The emitted Python module looks like:

# generated by json loader
data = {"version": 1, "tables": ["users", "products"]}

No runtime json import, no file open - the data is embedded directly in the bundle.

Built-in loader: TOML

# config/database.toml
[connection]
host = "localhost"
port = 5432
name = "myapp"
from config import database

conn_str = (
    f"postgresql://{database.data['connection']['host']}"
    f":{database.data['connection']['port']}"
    f"/{database.data['connection']['name']}"
)

Built-in loader: text

from assets import email_template

# email_template.txt is embedded as a string
body = email_template.content.format(name="Alice")

The emitted module:

# generated by text loader
content = "Dear {name},\n\nThank you for signing up.\n"

Built-in loader: binary

from assets import logo

# logo.bin is embedded as bytes
image_bytes = logo.data

The emitted module:

# generated by binary loader
data = b"\x89PNG\r\n\x1a\n..."

Suitable for small assets like icons or certificates. For large binary files, prefer loading from disk at runtime.

Registering a custom loader

Custom loaders are registered via the plugin system. A loader is a transform hook scoped to a specific extension:

# myloaders.py
from bunpy.build import Plugin, BuildContext, TransformArgs

plugin = Plugin(name="custom-loaders", version="0.1.0")

def setup(ctx: BuildContext) -> None:
    ctx.on_transform(load_csv)
    ctx.on_transform(load_dotenv)

def load_csv(args: TransformArgs) -> str | None:
    if args.loader != ".csv":
        return None
    import csv, io, json
    reader = csv.DictReader(io.StringIO(args.contents))
    rows = list(reader)
    return f"# generated by csv loader\nrows = {json.dumps(rows, indent=2)}\n"
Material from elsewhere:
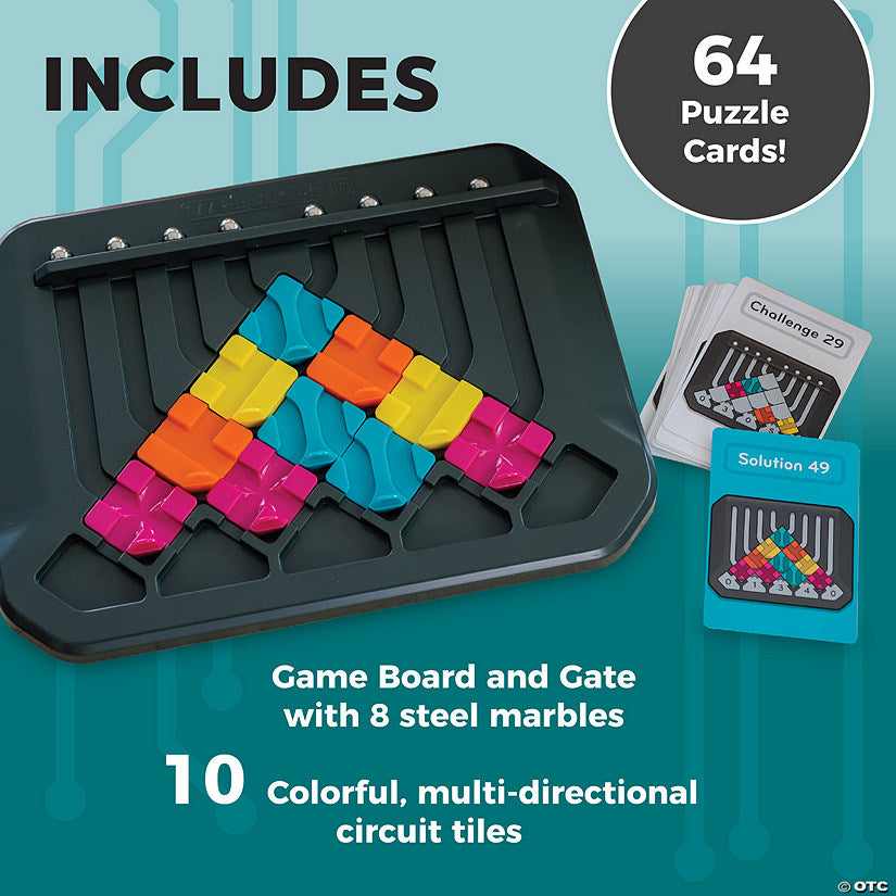 - Includes gameboard, 64 puzzle cards, 10 multi-directional tiles, 8 steel marbles and instructions.
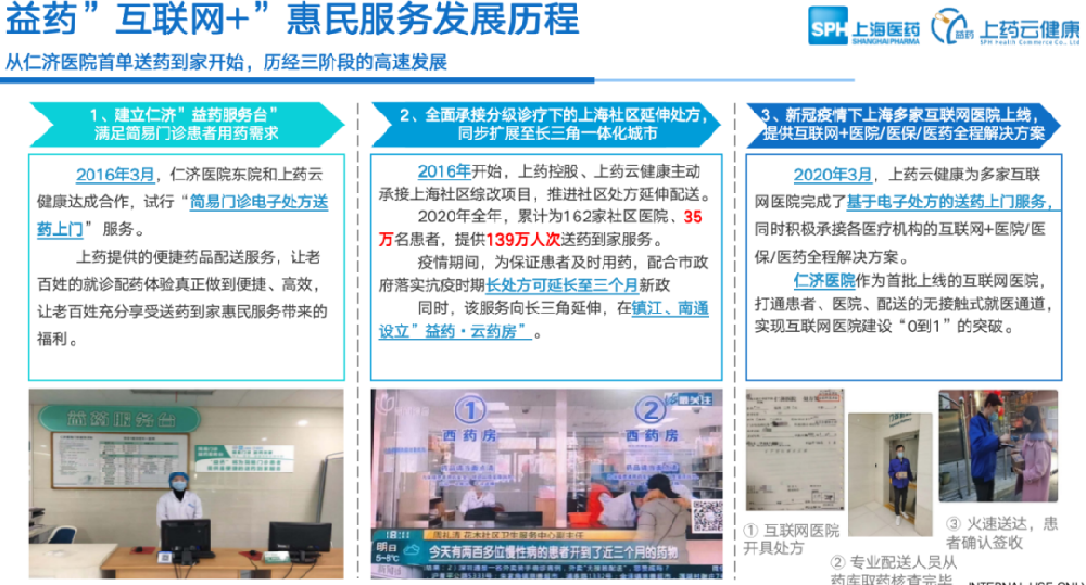 2020年3月,上藥云健康為多家互聯(lián)網(wǎng)醫(yī)院完成了基于電子處方的送藥上門服務(wù),同時積極承接各醫(yī)療機構(gòu)的互聯(lián)網(wǎng)+醫(yī)院/醫(yī)保/醫(yī)藥全程解決方案。仁濟醫(yī)院作為首批上線的互聯(lián)網(wǎng)醫(yī)院,充分打通了患者、醫(yī)院、配送服務(wù)的無接觸式就醫(yī)通道,實現(xiàn)了互聯(lián)網(wǎng)醫(yī)院建設(shè)“0到1”的突破。

def load_dotenv(args: TransformArgs) -> str | None:
    if args.loader != ".env":
        return None
    # Parse KEY=VALUE pairs and emit a dict
    pairs = {}
    for line in args.contents.splitlines():
        line = line.strip()
        if not line or line.startswith("#"):
            continue
        key, _, value = line.partition("=")
        pairs[key.strip()] = value.strip()
    import json
    return f"# generated by dotenv loader\nvars = {json.dumps(pairs, indent=2)}\n"
# pyproject.toml
[tool.bunpy.build]
plugins = ["myloaders:plugin"]

Now .csv and .env files can be imported like any other module:

from data import products   # products.csv

for row in products.rows:
    print(row["name"], row["price"])

Example: CSS-in-Python

Embed a CSS file as a string so it can be injected into HTML at runtime:

# css_loader.py
from bunpy.build import Plugin, BuildContext, TransformArgs

plugin = Plugin(name="css-loader", version="0.1.0")

def setup(ctx: BuildContext) -> None:
    ctx.on_transform(load_css)

def load_css(args: TransformArgs) -> str | None:
    if args.loader != ".css":
        return None
    # Minify whitespace and embed as a string constant
    minified = " ".join(args.contents.split())
    return f"# generated by css-loader\ncss = {repr(minified)}\n"
from styles import main   # main.css

html = f"<style>{main.css}</style><h1>Hello</h1>"

Loader resolution order

When bunpy build encounters a file:

  1. Check if any plugin transform hook handles the file extension.
  2. If no plugin claims the extension, fall back to the built-in loader table.
  3. If no built-in loader matches, the file is skipped (not bundled).

Custom loaders registered via plugins always take precedence over built-in loaders for the same extension. This lets you override the built-in .json loader if you need non-standard behavior (e.g., stripping comments from JSON5 before parsing).

Loader configuration in pyproject.toml

You can map additional extensions to built-in loaders without writing a plugin:

[tool.bunpy.build.loaders]
".yaml" = "text"     # embed YAML files as raw strings
".graphql" = "text"  # embed GraphQL schemas as strings
".png" = "binary"    # embed small images as bytes
".webp" = "binary"

This is the lightest-weight option when you only need a file’s raw content at runtime, not a parsed representation.

Size considerations

Every file processed by a loader is embedded in the bundle. Text and binary loaders are lossless - the file size is included in full. For data files larger than a few hundred KB, consider whether embedding makes sense or whether the file should be loaded from disk at runtime. The .pyz format is a ZIP archive, so large text files benefit from compression automatically.